Life is not hurrying on to a receding future,
Nor hankering after an imagined past.
It is turning aside like Moses
To the miracle of a lit bush,
To a brightness that seemed as transitory as your youth once,
But is the eternity that awaits you.

When we are grateful, we look at an experience, a bird, a friend, a meal, again, we know it twice, and therein we find God, we find, as R. S. Thomas puts it, eternity. Our eyes are healed.

We can hear, though, Jesus’ grief that only one of the ten lepers returns to him.

 Were not ten made clean? But the other nine, where are they? Was none of them found to return and give praise to God except this foreigner? (Luke 17:17-18) Jesus questions.

This foreigner … as in the story of the Good Samaritan that we heard and reflected upon a few weeks ago… the one character who knows the way of God, knows how to respond as God would respond is an outsider, a Samaritan. Those hearing the story would have, again, been utterly shocked. Maybe, though, in the shock, they saw a truth.

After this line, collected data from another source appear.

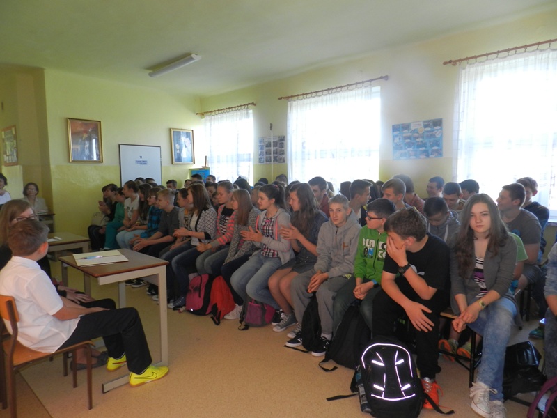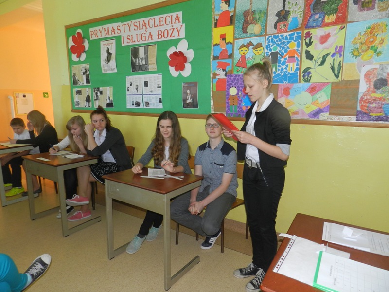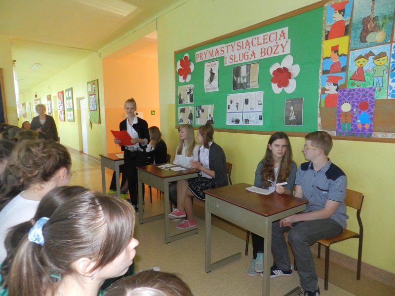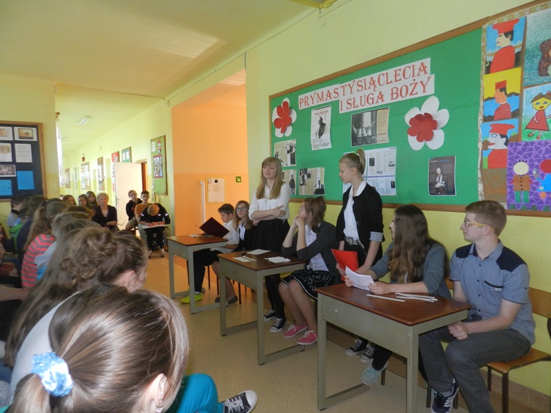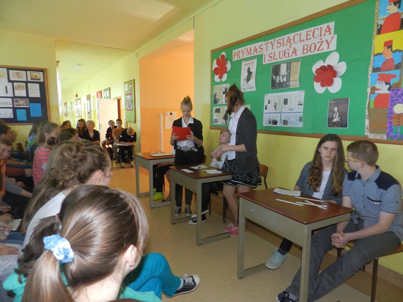 29 maja 2015 roku sześcioro uczniów naszego gimnazjum stanęło do rywalizacji w szkolnym konkursie wiedzy o Patronie Szkoły. Pozostali uczniowie gimnazjum mogli obserwować reprezentantów swoich klas oraz słuchać udzielanych przez nich odpowiedzi. Cała szóstka była bardzo dobrze przygotowana. Uczniowie doskonale znali daty i wydarzenia z życia Kardynała Stefana Wyszyńskiego. O pierwszym i drugim miejscu rozstrzygnąć musiały pytania dodatkowe.
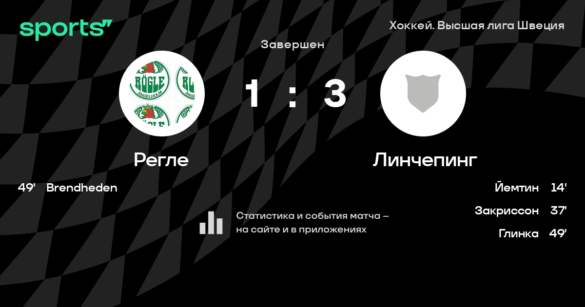 В прошедшем матче в рамках турнира Хоккей. Высшая лига Швеция состоялась встреча команд Регле - Линчепинг
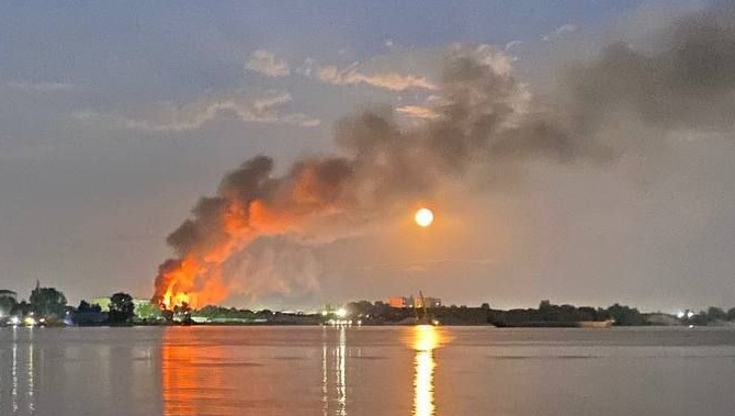 Ранее очевидцы сообщали , что дым от огня видно из разных районов города. На место прибыло около пяти пожарных машин и полиция. По словам очевидцев, огонь перекинулся на стоящие рядом склады.

Jesus says to the man, “Get up and go on your way; your faith has made you well.” Jesus honours the Samaritan’s gratitude is an expression of faith. It is not so much that he asked Jesus for healing of his leprosy; it is that he can see that God has healed him; he has expressed his gratitude at that healing. The outsider belongs.

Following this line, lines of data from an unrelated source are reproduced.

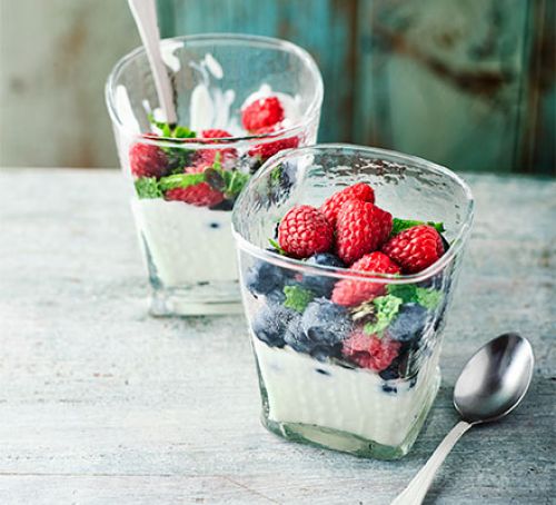 O porție de fructe cu semințe sau nuci și iaurt natural, reprezintă o gustare ușoară, dar sățioasă pentru dimineață sau după-amiază. Este gata în mai puțin de cinci minute și are un nivel scăzut de calorii, nu conține gluten și poate oferi necesarul de nutrienți organismului.
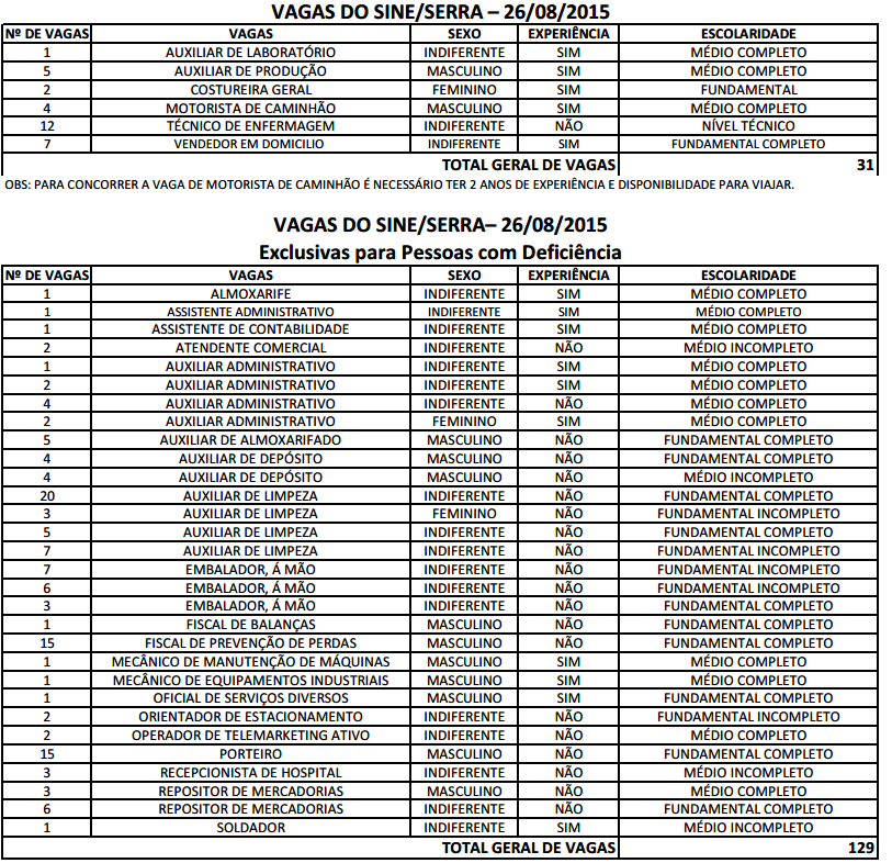 O Sine da Serra está oferecendo 160 vagas de emprego nesta quarta-feira (26), sendo 129 oportunidades destinadas a pessoas com deficiência (PCD). Entre essas chances, há oportunidades para auxiliar de limpeza (32), auxiliar de produção (20), fiscal de prevenção de perdas (15) e outras profissões.
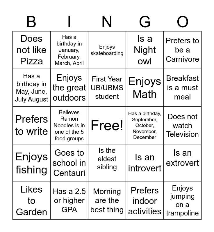 This bingo card has a free space and 24 words: Goes to school in Centauri, Has a 2.5 or higher GPA, First Year UB/UBMS student, Likes to Garden, Prefers to be a Carnivore, Does not like Pizza, Has a birthday in May, June, July August, Has a birthday in January, February, March, April, Has a birthday, September, October, November, December, Is the eldest sibling, Enjoys Math, Prefers to write, Is an introvert, Is an extrovert, Enjoys the great outdoors, Prefers indoor activities, Does not watch Television, Enjoys skateboarding, Breakfast is a must meal, Believes Ramon Noodles is in one of the 5 food groups, Enjoys jumping on a trampoline, Enjoys fishing, Is a Night owl and Morning are the best thing.

When we think about our readings this morning, from the Book of the Prophet Jeremiah and from the Gospel according to Saint Luke, it seems that when suffering strikes, to paraphrase the passage that we know well from the Book of Ecclesiastes, that there is a time for enduring and a time for being set free.  … a time for enduring and a time for being set free. And we might wonder about having the discernment to know which time we are in.

What we glimpse in each reading is that God is with us. God is a witness to us and our struggle. And God’s loving presence will guide us as we discern when it is that we must settle for a time and when it is that we might cry out for the healing of God to set us free.

[1] Church times 15 March 2019

[2] John Shea The Relentless Widow p.286.